## Required action
Exact copies of all the lines below are wanted, without a single picture.

## Collected data
------------

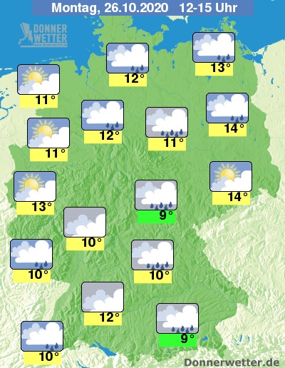 In den Nachmittagstunden bleibt der Himmel über weiten Landesteilen bedeckt oder es ist stark bewölkt. Auflockerungen beschränken sich in den kommenden Stunden vor allem auf den äußersten Westen und Nordwesten sowie Teile Sachsens. Vor allem in den früheren Nachmittagsstunden muss verbreitet mit Schauern gerechnet werden, im Osten und Südosten kann es zeitweise auch kräftiger regnen.
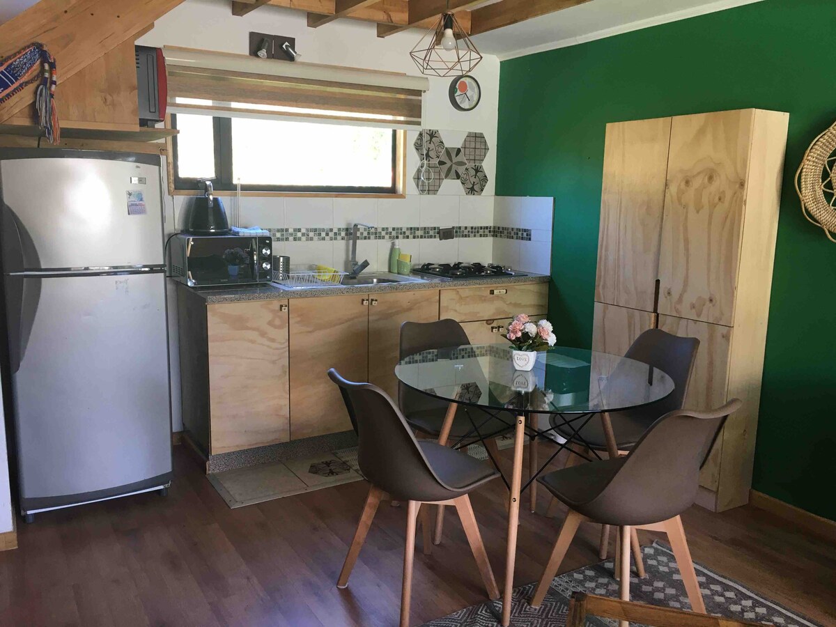 Cabaña ubicada en un campo en el Km 6 aprox de la ruta Vllca-Pucón, equipada para 4 huéspedes con sábanas, toallas, cocina con microondas, hervidor, refrigerador. Con combustión lenta, estufa eléctrica y calientacamas. Tv satelital Direct Tv. Tarifa incluye 1/2 saco de leña por estadía del 1 de mayo al 30 de agosto. Hot tubs en los jardines del recinto con costo extra de $45.000 por 4 horas de uso. Se debe coordinar con un día de anticipación la reserva del Hot Tubs para su preparación.
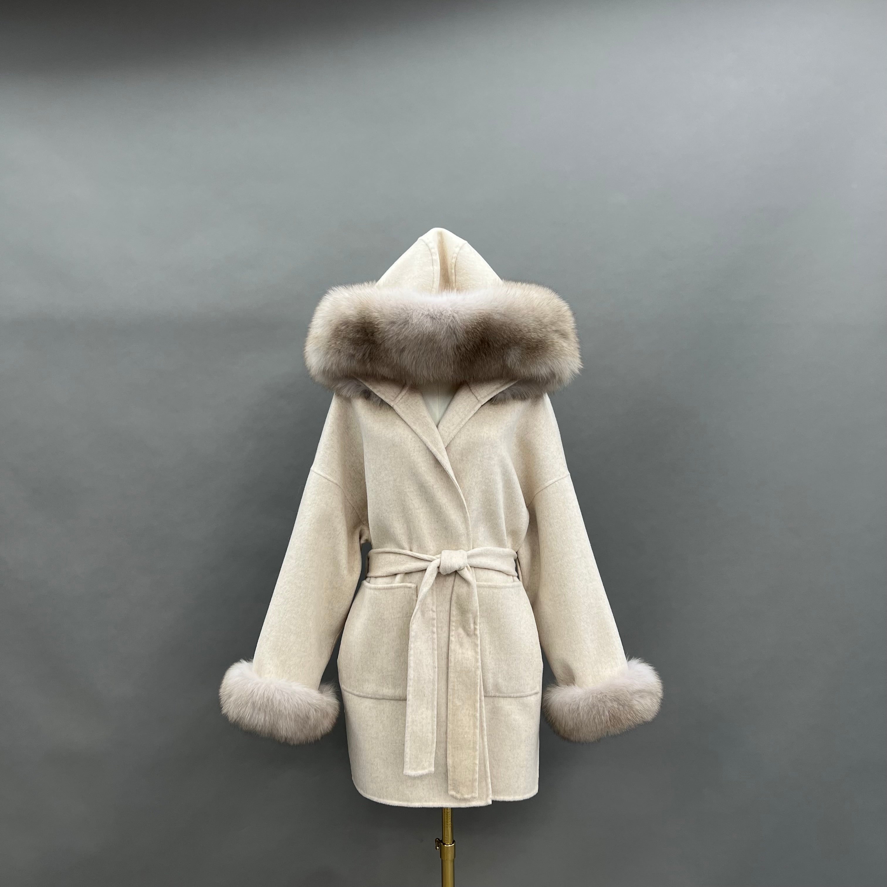 Double - Faced Wool Hooded Coat with Faux Fur Trim on Hood and Cuffs & Tie Waist
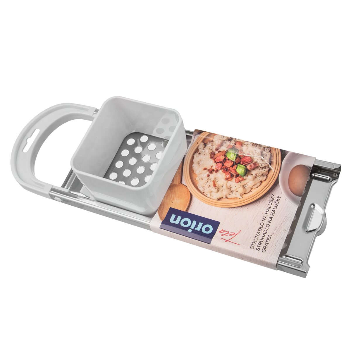 Kód produktu 120752Pevné plastové strúhadlo s nerezovou doskou s guľatými otvormi a v drážke sa pohybujúcim nástavcom, pre jednoduchú prípravu halušiek, pečeňových knedličiek, polievkových závariek.

------------

## Output of the exercise
 In den Nachmittagstunden bleibt der Himmel über weiten Landesteilen bedeckt oder es ist stark bewölkt. Auflockerungen beschränken sich in den kommenden Stunden vor allem auf den äußersten Westen und Nordwesten sowie Teile Sachsens. Vor allem in den früheren Nachmittagsstunden muss verbreitet mit Schauern gerechnet werden, im Osten und Südosten kann es zeitweise auch kräftiger regnen.
 Cabaña ubicada en un campo en el Km 6 aprox de la ruta Vllca-Pucón, equipada para 4 huéspedes con sábanas, toallas, cocina con microondas, hervidor, refrigerador. Con combustión lenta, estufa eléctrica y calientacamas. Tv satelital Direct Tv. Tarifa incluye 1/2 saco de leña por estadía del 1 de mayo al 30 de agosto. Hot tubs en los jardines del recinto con costo extra de $45.000 por 4 horas de uso. Se debe coordinar con un día de anticipación la reserva del Hot Tubs para su preparación.
 Double - Faced Wool Hooded Coat with Faux Fur Trim on Hood and Cuffs & Tie Waist
 Kód produktu 120752Pevné plastové strúhadlo s nerezovou doskou s guľatými otvormi a v drážke sa pohybujúcim nástavcom, pre jednoduchú prípravu halušiek, pečeňových knedličiek, polievkových závariek.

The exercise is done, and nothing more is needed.